** Exercise **
In the entries below, begin at the line with "et impasse Desjoyaux" and stop after the line with "Hereford koeien"; output those lines exactly and omit the pictures.

^^^^^^^^^^^^^^^^

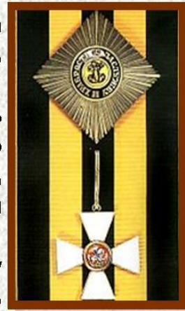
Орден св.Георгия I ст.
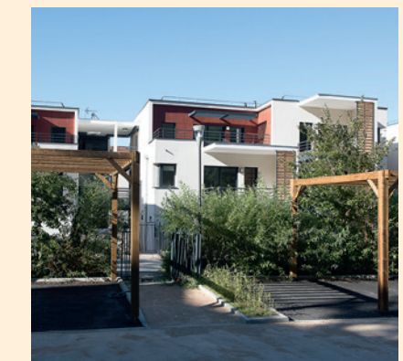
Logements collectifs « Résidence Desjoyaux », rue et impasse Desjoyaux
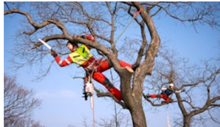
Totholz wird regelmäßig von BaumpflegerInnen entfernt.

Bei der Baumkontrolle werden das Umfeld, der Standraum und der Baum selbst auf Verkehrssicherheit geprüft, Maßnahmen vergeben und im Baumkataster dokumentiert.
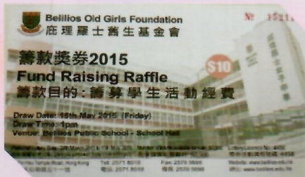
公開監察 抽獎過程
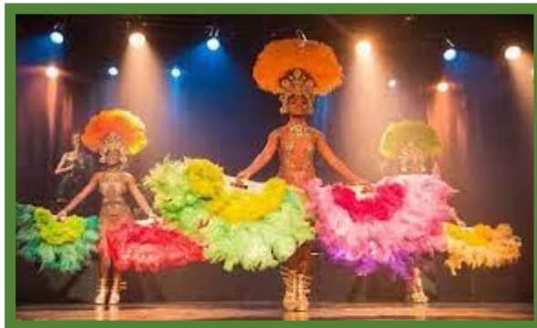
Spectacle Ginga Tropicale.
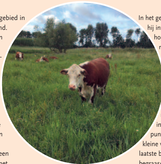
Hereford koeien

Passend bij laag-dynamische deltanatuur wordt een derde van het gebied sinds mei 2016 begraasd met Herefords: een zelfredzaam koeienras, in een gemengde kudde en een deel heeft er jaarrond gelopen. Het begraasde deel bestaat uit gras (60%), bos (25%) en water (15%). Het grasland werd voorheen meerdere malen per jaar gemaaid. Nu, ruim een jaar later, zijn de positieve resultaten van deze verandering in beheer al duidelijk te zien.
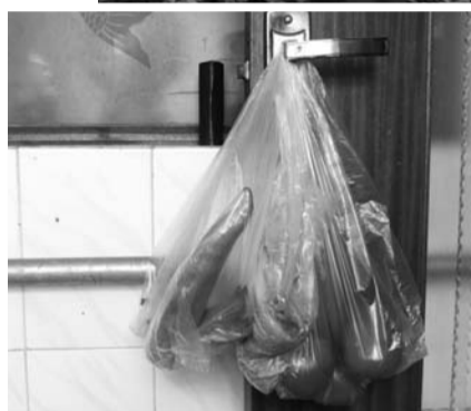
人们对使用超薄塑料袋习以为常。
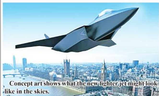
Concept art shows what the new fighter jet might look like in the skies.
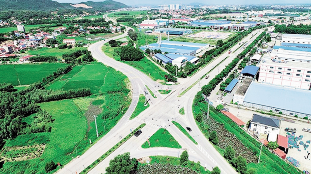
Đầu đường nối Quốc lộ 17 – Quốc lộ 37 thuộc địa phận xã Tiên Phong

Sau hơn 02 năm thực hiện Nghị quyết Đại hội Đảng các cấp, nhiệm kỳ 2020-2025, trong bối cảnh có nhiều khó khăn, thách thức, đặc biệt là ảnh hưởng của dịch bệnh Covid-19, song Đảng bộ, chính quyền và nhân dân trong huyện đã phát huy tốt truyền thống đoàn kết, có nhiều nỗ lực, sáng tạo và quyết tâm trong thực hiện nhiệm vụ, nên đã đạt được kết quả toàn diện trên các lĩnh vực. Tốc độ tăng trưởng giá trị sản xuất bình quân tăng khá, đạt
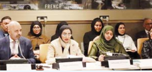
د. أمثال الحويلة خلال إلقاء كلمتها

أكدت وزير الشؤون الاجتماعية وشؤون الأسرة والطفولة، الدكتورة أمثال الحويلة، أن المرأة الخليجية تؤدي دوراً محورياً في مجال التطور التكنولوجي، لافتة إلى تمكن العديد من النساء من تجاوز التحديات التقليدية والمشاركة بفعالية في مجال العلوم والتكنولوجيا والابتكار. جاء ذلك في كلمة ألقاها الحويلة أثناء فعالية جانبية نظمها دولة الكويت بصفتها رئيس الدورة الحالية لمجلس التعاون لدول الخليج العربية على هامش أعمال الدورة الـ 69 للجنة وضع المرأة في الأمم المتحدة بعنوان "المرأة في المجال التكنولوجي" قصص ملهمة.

^^^^^^^^^^^^^^^^

** Task output **
Logements collectifs « Résidence Desjoyaux », rue et impasse Desjoyaux
Totholz wird regelmäßig von BaumpflegerInnen entfernt.

Bei der Baumkontrolle werden das Umfeld, der Standraum und der Baum selbst auf Verkehrssicherheit geprüft, Maßnahmen vergeben und im Baumkataster dokumentiert.
公開監察 抽獎過程
Spectacle Ginga Tropicale.
Hereford koeien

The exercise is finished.